Applications on the NC BioGrid
The prototype application for the NC BioGrid has been NCBI BLAST. This application in particular was selected because of its wide use the bioinformatics research community. BLAST is also well suited for this purpose because it is a relatively simple application that can be both data and compute intensive.
There are two ways in which BLAST has been grid-enabled for use on the NC BioGrid. First, the Avaki Data Grid is used to make BLAST databases (which are really just flat files) available to all nodes participating in the grid under a uniform path name. Second, the BLAST executable has been "registered" with the Avaki Compute Grid to allow it to be run on all hosts in the grid without having to pre-install the BLAST executable on them. Instead, when a user invokes BLAST on the grid, the BLAST executable along with user input files will be copied to grid nodes in a process that is transparent to the user. Wir haben umfangreiche Forschungen uber getan, und erlautern die Vor-und Nachteile in leicht verstandliche Sprache. Ist es besser als Viagra?
A target user for this type of grid-enabled BLAST would be a bioinformatics researcher with a large number of gene sequences to compare against a protein or nucleotide database. Here is a slightly simplified example of how this can be done:
- The researcher puts each gene sequence into a separate FASTA-format input file. Each input file will correspond to a distinct job to be run on the grid.
- She then creates a small job definition file that specifies the names of the input and output files using a simple wildcarding syntax.

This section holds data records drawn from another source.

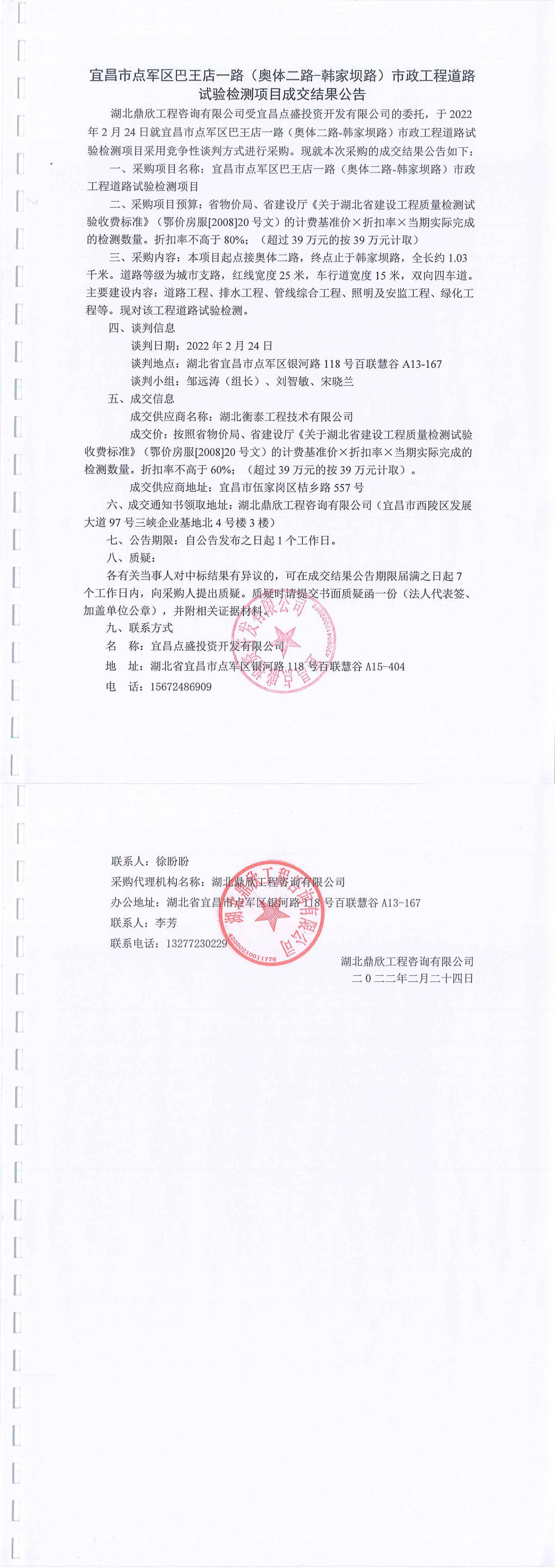 宜昌市點(diǎn)軍區(qū)巴王店一路(奧體二路-韓家壩路)市政工程道路試驗(yàn)檢測項目成交公告
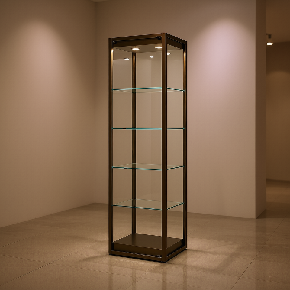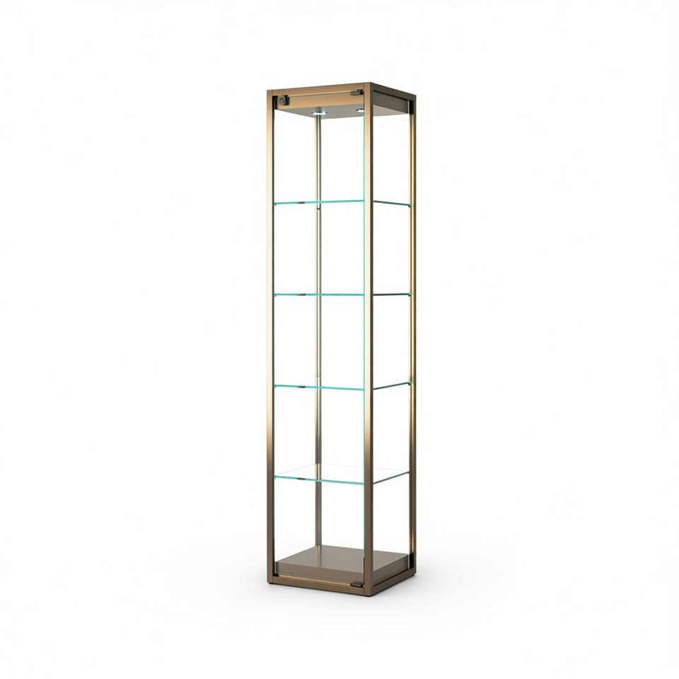 ตู้โชว์เหล็ก 45x45x190 ซม. โครงสีบรอนซ์ ประตูกระจก พร้อมไฟ LED สำหรับวางโชว์บนโต๊ะ
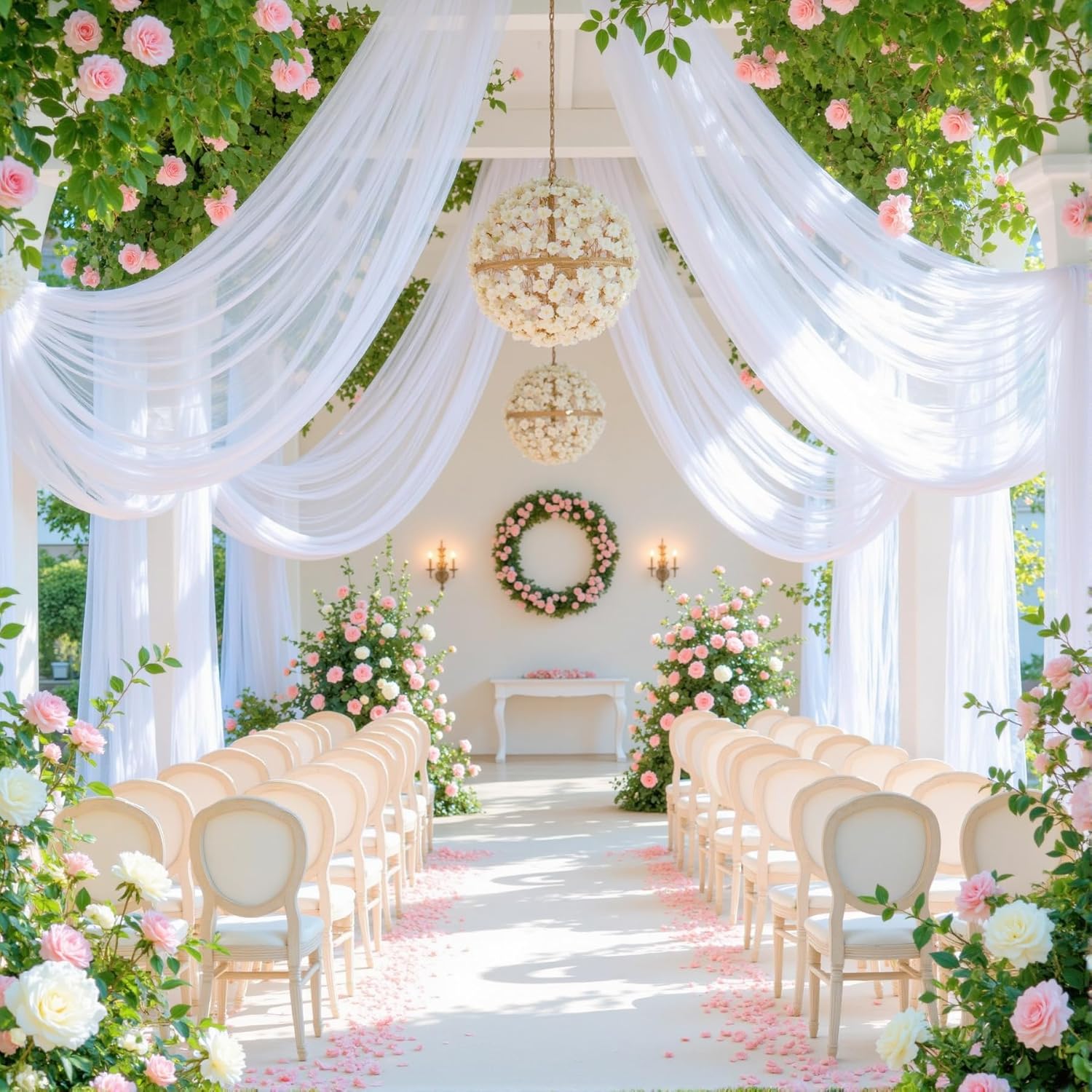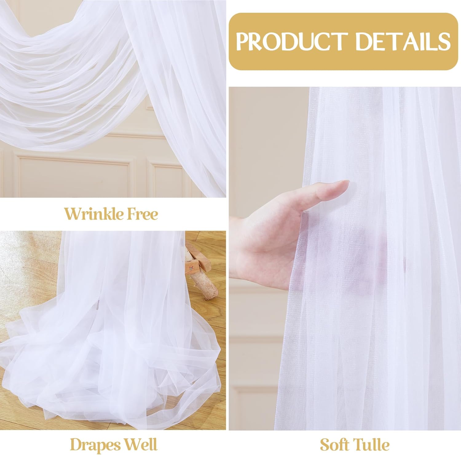 - Premium Chiffon Fabric for Draping: Made of high-quality polyester tulle, this fabric is soft, wrinkle-resistant, and durable. The naturally cascading hem forms beautiful layered folds, gracefully draping over your arch to add a dreamy, romantic ambiance—perfect for enchanting wedding photo backdrops

- Next, she executes the "avaki run" command to launch the BLAST job on the grid.
- The Compute Grid will create a candidate list of hosts that are available for running the job based on criteria such as architecture type and current load.
- The Compute Grid then launches jobs to candidate hosts. During this process, the BLAST executable is copied to the host (assuming it's not already cached on that host), as will be the input file that corresponds to that particular job. This process is sometimes referred to as file staging.
- When BLAST runs, it will use the Data Grid to access the database file that is to be searched.
- When the BLAST completes, the Compute Grid will retrieve the output files and copy them to the location that the researcher specified in the job definition file.
- As jobs complete and free up slots on grid servers, the Compute Grid will launch additional jobs until all have been run.